Exercise data:
+++++
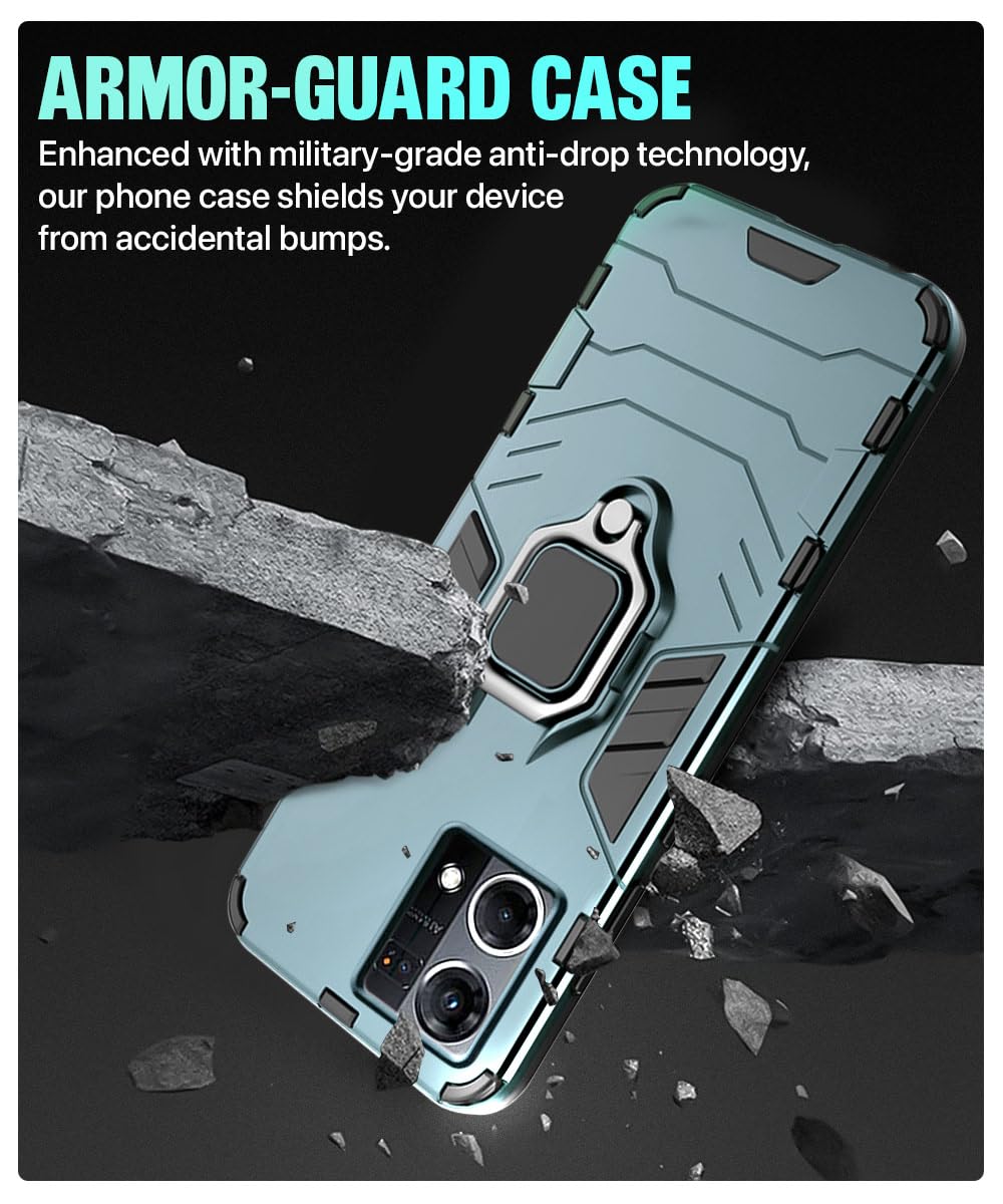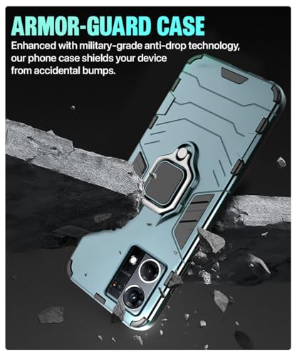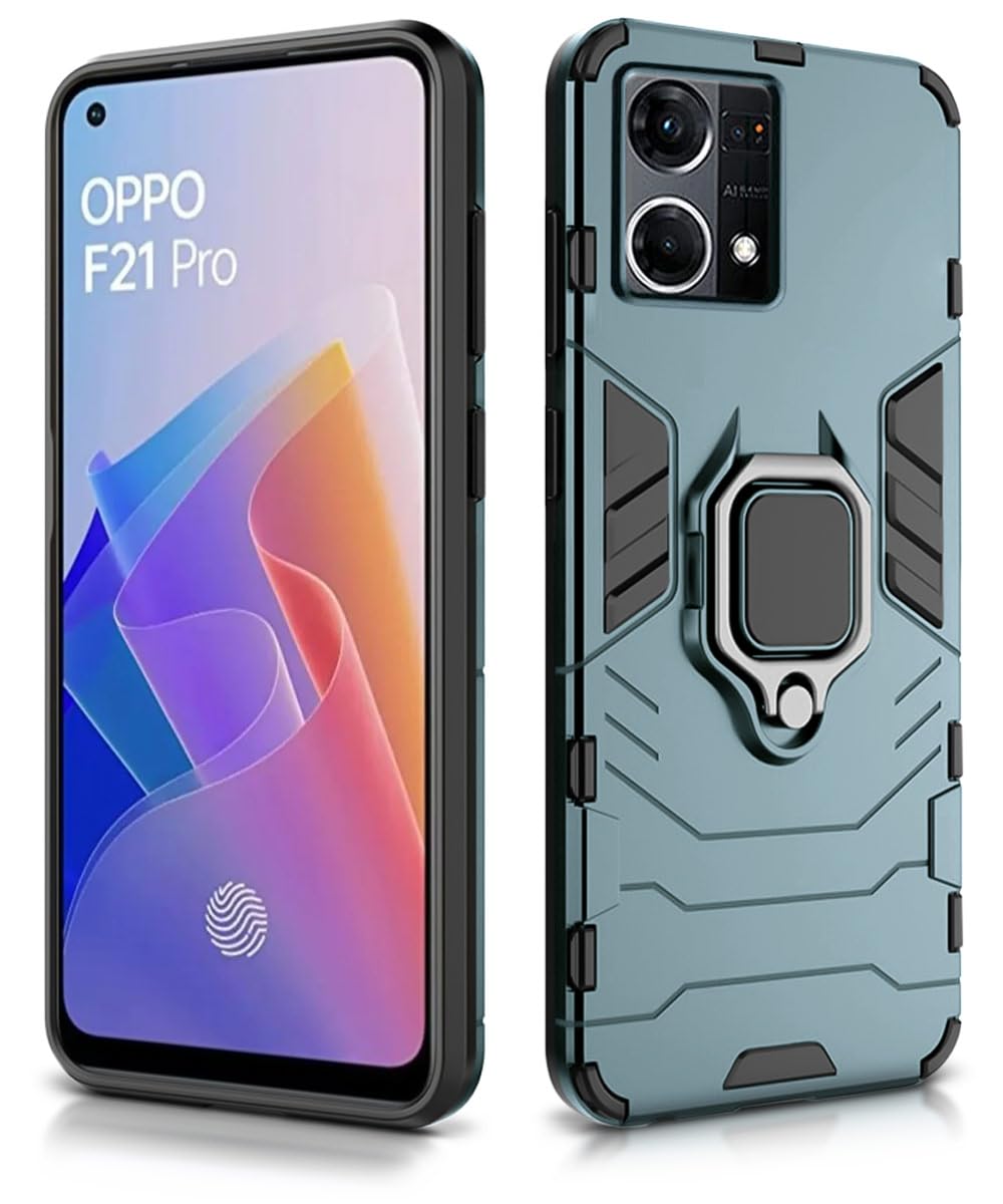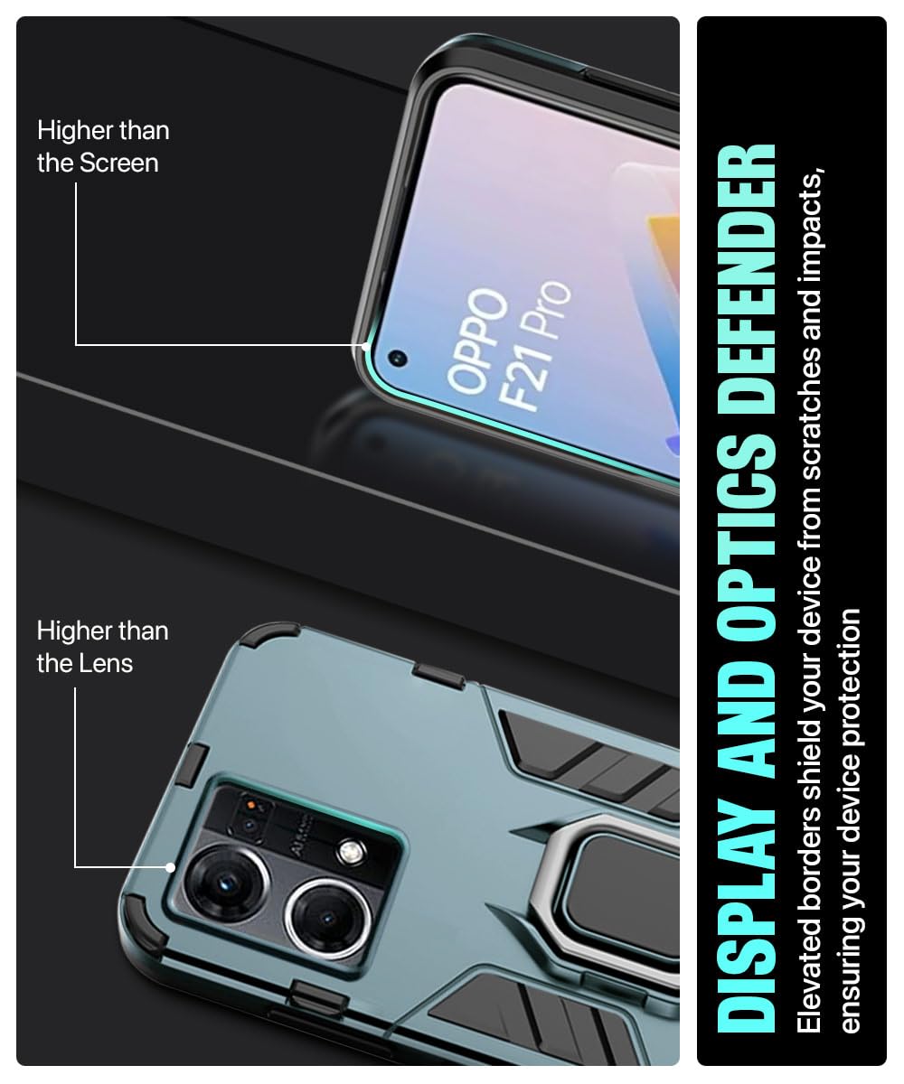 Shock Proof Back Case Mobile Cover for Oppo F21 Pro 4G | Back Cover Case (Tough Armor | Hybrid PC + TPU | Ring Holder & in-Built Kickstand | Green)
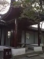 Built during the 1917 renovation as an entry into the courtyard of the Nine Lion Peak rockery. It is a three bay hall with a portico on the north facade and a square pavilion attached to the south facade. |
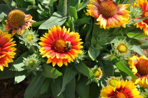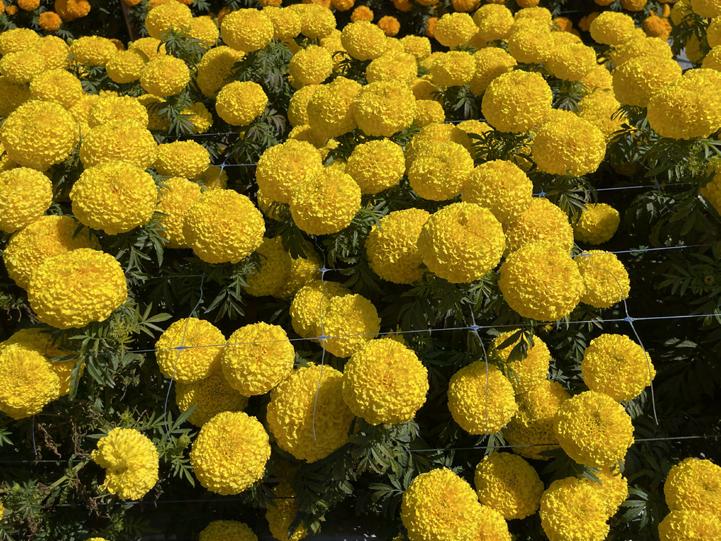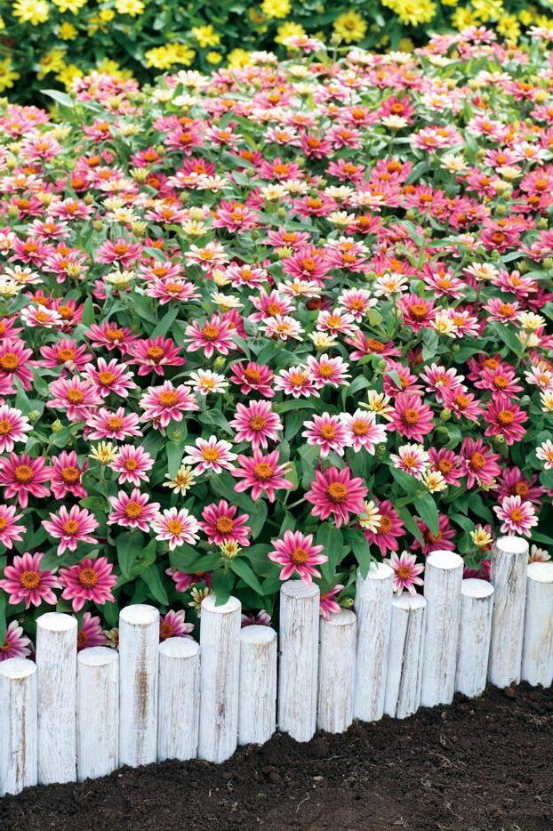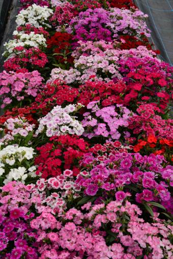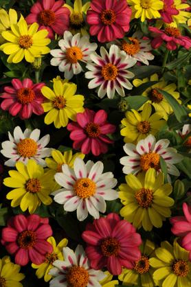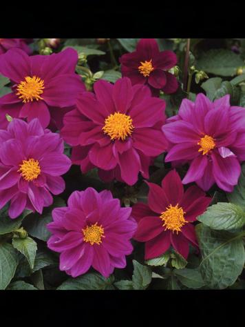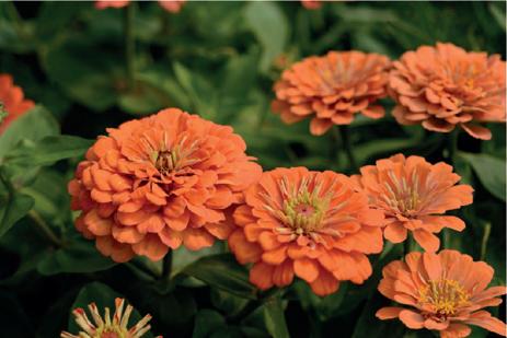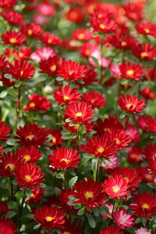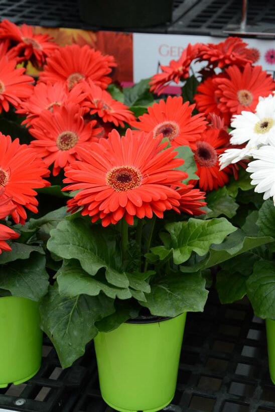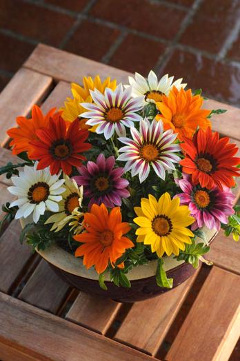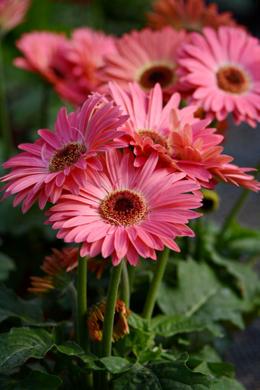 ดอกสีสดซอนคลายเบญจมาศ ดอกมีขนาดใหญบานพรอมกันทำใหจัดเต็มชอดอกไดงาย
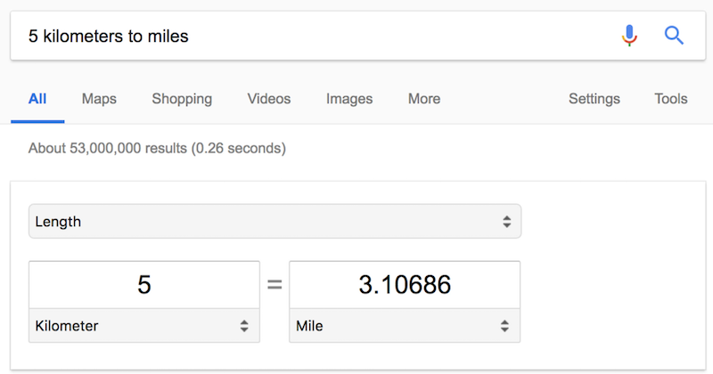 You can convert many types of measurement, including distance, weight, and temperature. For example, type 5 kilometers to miles, or 30 quarts to gallons to get an instant conversion. You can also use abbreviations, like f for Fahrenheit or kg for kilograms, to keep your typing to a minimum.
+++++
Task item: Here the job is to quote the lines from the one with "Built during the" through the end of the material, both included, exactly; please skip the pictures.

Your solution:
 Built during the 1917 renovation as an entry into the courtyard of the Nine Lion Peak rockery. It is a three bay hall with a portico on the north facade and a square pavilion attached to the south facade. |
 ดอกสีสดซอนคลายเบญจมาศ ดอกมีขนาดใหญบานพรอมกันทำใหจัดเต็มชอดอกไดงาย
 You can convert many types of measurement, including distance, weight, and temperature. For example, type 5 kilometers to miles, or 30 quarts to gallons to get an instant conversion. You can also use abbreviations, like f for Fahrenheit or kg for kilograms, to keep your typing to a minimum.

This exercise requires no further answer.